The semiconductor sector contributes 17% to South Korea’s exports, and the country has emerged as a significant beneficiary of the AI boom, with exports having risen over 50% year-on-year. Analysts believe that South Korea’s substantial investment in AI research and development, along with a growing number of AI-related patents, will bolster its position in AI adoption in the long run.

However, the analysts cautioned that escalating geopolitical tensions could impact the semiconductor supply chain, particularly due to the ongoing discord between the U.S. and China. Despite South Korea’s attempts to diversify its chip exports beyond China, over 30% of its semiconductor exports in 2023 were still directed towards China and Hong Kong, with a similar proportion going to the U.S.

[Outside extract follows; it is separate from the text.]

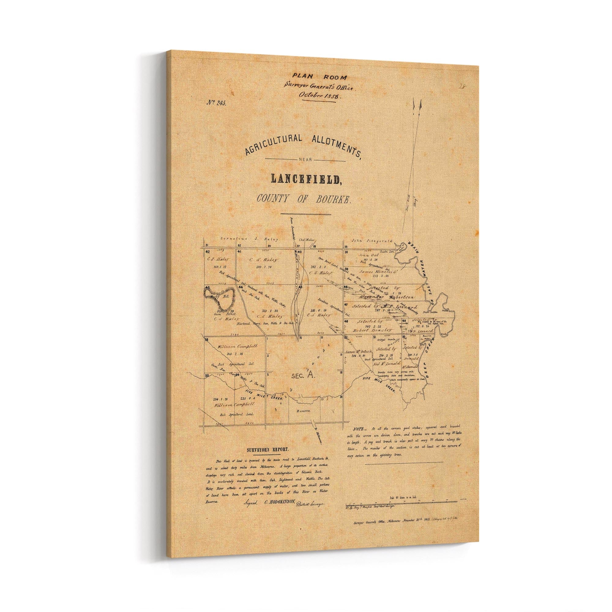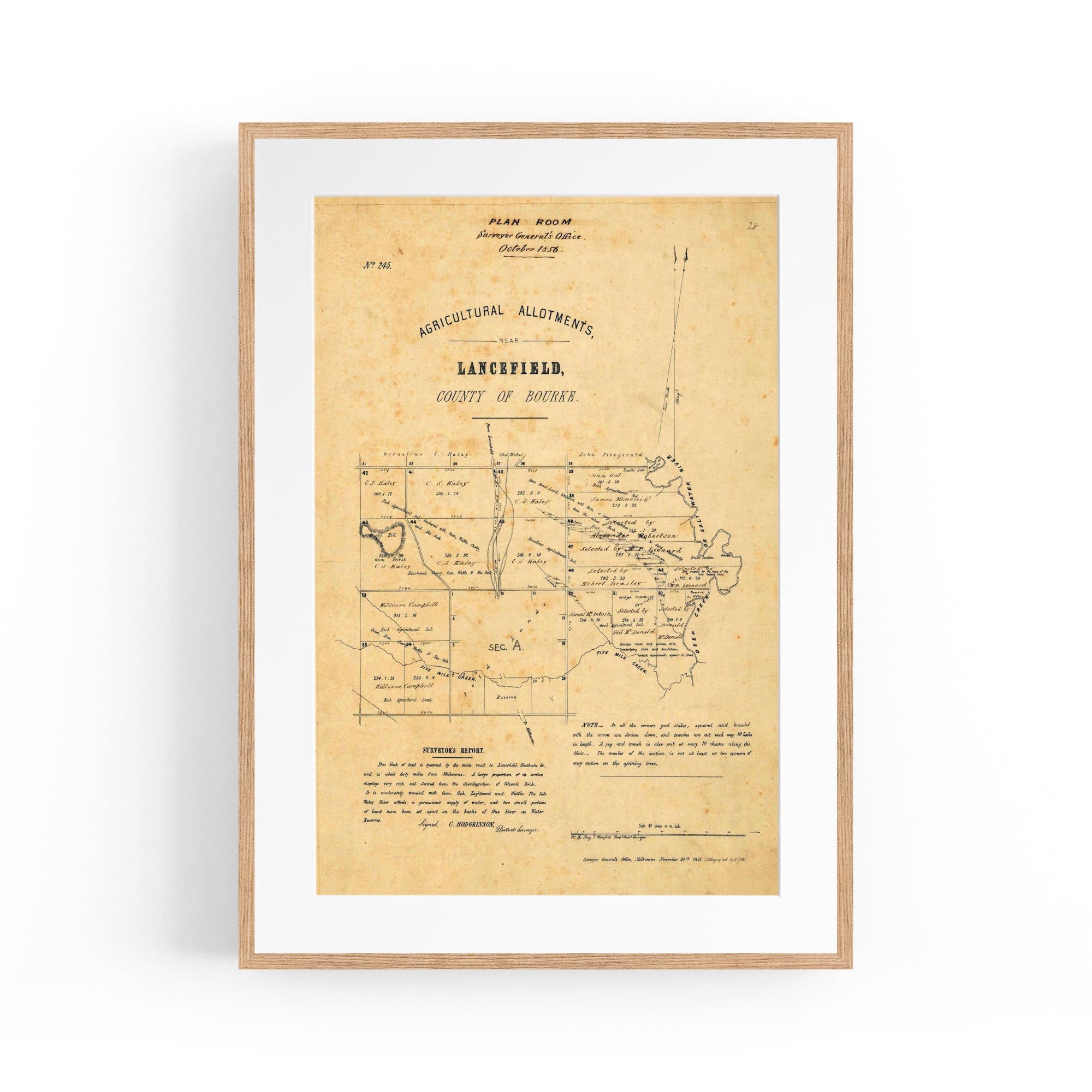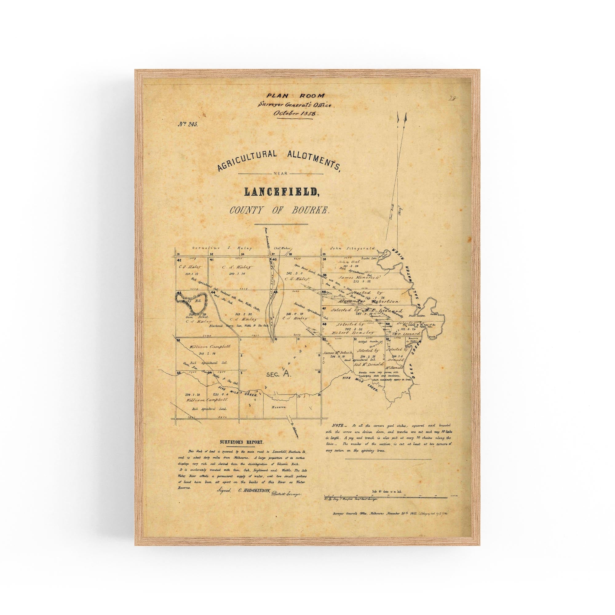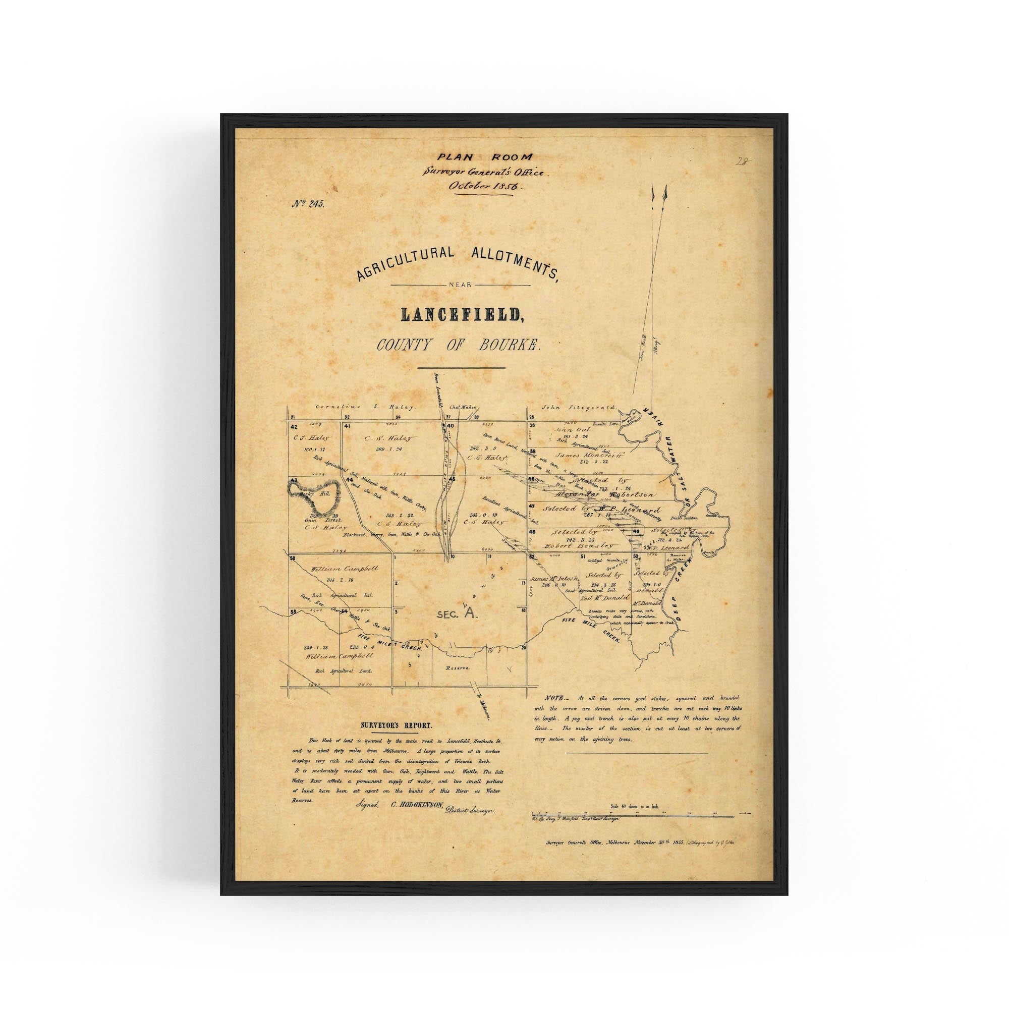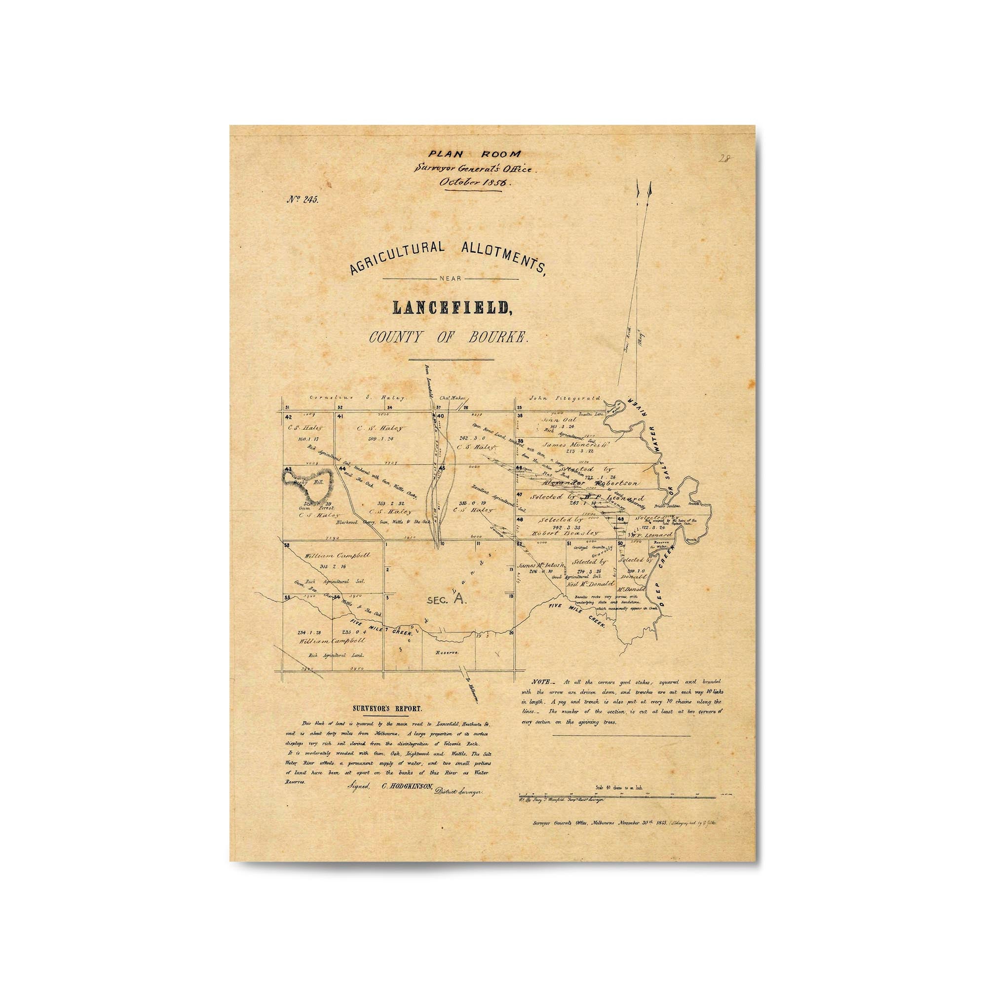 Percy T. Bromfield Temp. Assist. Surveyor; C. Hodgkinson District Surveyor; Surveyor General's Office, lithographed by E. Gilks. 1855.

Analysts warned that if geopolitical relations deteriorate and the U.S. enacts further trade restrictions on advanced or AI-related chip exports to China, it could severely affect South Korea’s memory semiconductor exports.

Additionally, South Korean chip manufacturers rely on China for essential chipmaking components and equipment, meaning any disruption in this supply chain could hinder the ability of South Korean companies to acquire the necessary tools for chip production.

The U.S. has reportedly asked South Korea to limit exports of equipment and technology needed to produce memory and advanced logic chips to China. South Korean officials are evaluating this request in light of potential impacts on major firms like Samsung and SK Hynix, which have operations in China, its largest trading partner.

At the same time, the Biden administration is reportedly considering imposing export controls known as the foreign direct product rule on allies that continue to sell chipmaking tools to China. This rule would prevent any goods from being exported if they are produced using a certain percentage of U.S. intellectual property components.